Spoiler for New Scientist Enigma 1707: (I skipped 1706.)
I was teaching my nephew about arithmetic progressions – sequences like 17, 23, 29,… 677,… in which the common difference between successive terms is a constant. In this one the difference is 6 and the 111th term is 677. Later, he devised his own progression, but consistently replaced digits with capital letters, with different letters for different digits.
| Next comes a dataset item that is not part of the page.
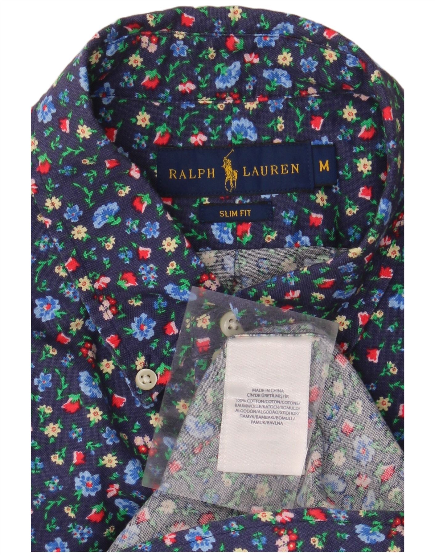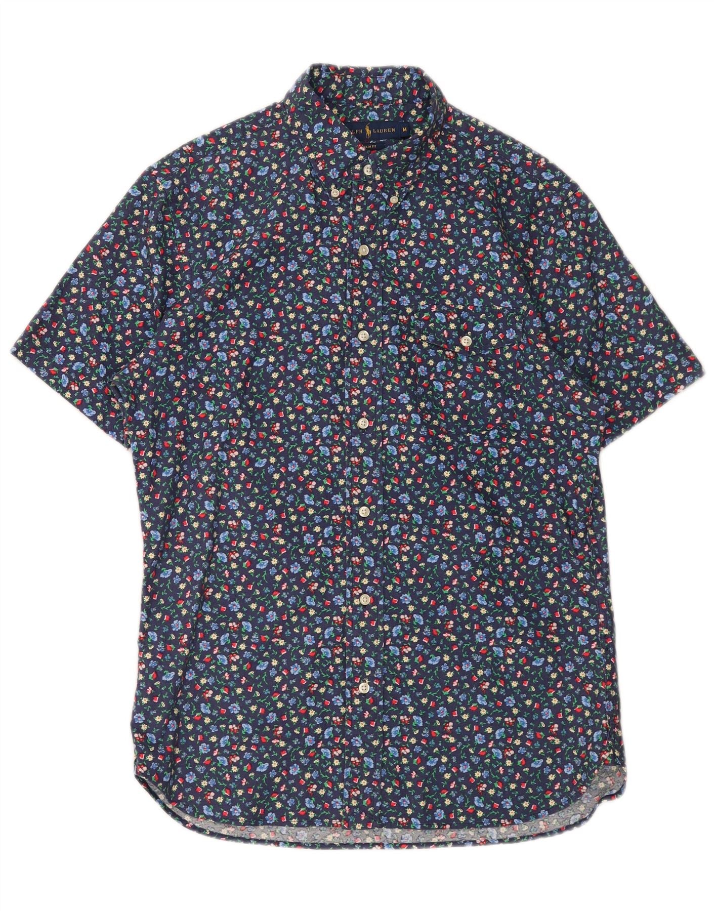 RALPH LAUREN Mens Slim Fit Short Sleeve Shirt Medium Navy Blue Floral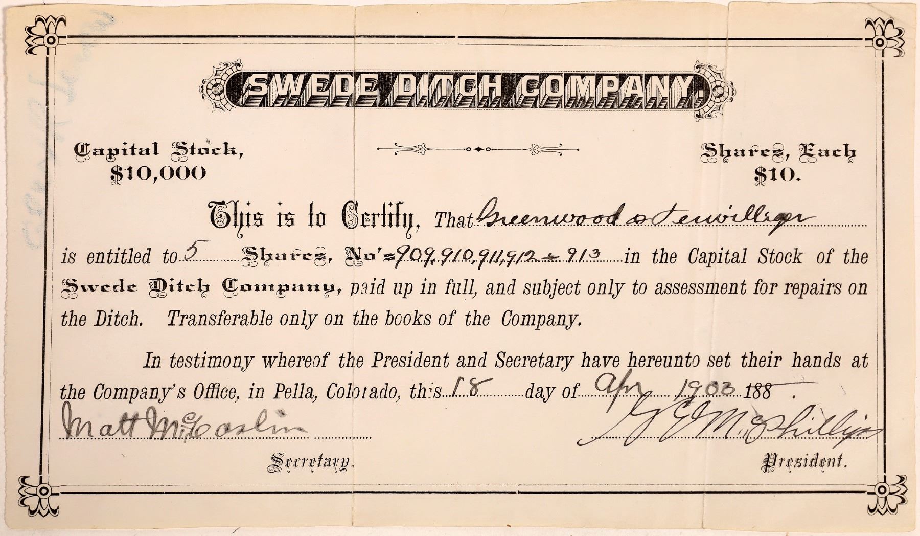 Rare Colorado town of Pella. Issued April 18, 1900 for five shares. Certificate is 7 1/2 x 4 inches.

His sequence was ONE, TWO,… THREE,… with the 111th term being THREE. The common difference was odd and more than the number represented by SIX.
Tell me the number represented by SENT?
If d is the difference then we know: d is odd, TWO-ONE=d, and ONE+110d=THREE. The latter two statements can be combined to make:
TWO00 + TWO0 + ONE -ONE00 - ONE0 ------ THREE
Denote the carries into the first four columns (which, since there are subtractions, can be negative or positive) as c1, c2, c3, c4. So for instance we have c1+T-O=T. O must equal c1, and O cannot be 0 if leading zeroes are disallowed (and it can’t be negative!), and c1 cannot be more than 1, so O=c1=1. Then TWO is odd, so ONE must be even; E must be even.
In column 3, O+W+O-E-N=2+W-(E+N); E+N must be at least 2, so 2+W-(E+N)<10 and c2 < 1.
In column 2, c2+W+T-N-1=10+H and so W+T=11+H+N>13. So W>4.
Consider column 4; c4=0, so O+N-E=E or O+N-E=10+E or O+N+E=E-10. That is, N+1=2E or N-9=2E or N+11=2E. So if E = 0, 2, 4, 6, 8 then N = 9, 3, 7, 1 (not allowed), or 5.
Try E=2, N=3. Then c3=0 and column 3 is W-3=R. W=5 and W=6 are ruled out, since R cannot be 2 or 3. If W=7, R=4. Then W+T-N-1=3+T=10+H and H must be 1 or 2, neither of which is allowed. If W=8, R=5, and W+T-N-1=4+T=10+H and the only possibility is T=6, H=0.
Does that work? ONE=132, TWO=681, d=549, and THREE=60522=132+110*549 as required. The three remaining digits are 4, 7, and 9; if S=4 then SIX=479 or 497 either of which is less than d. All requirements are satisfied, and SENT=4236.
I haven’t checked for additional solutions, but presumably there are none.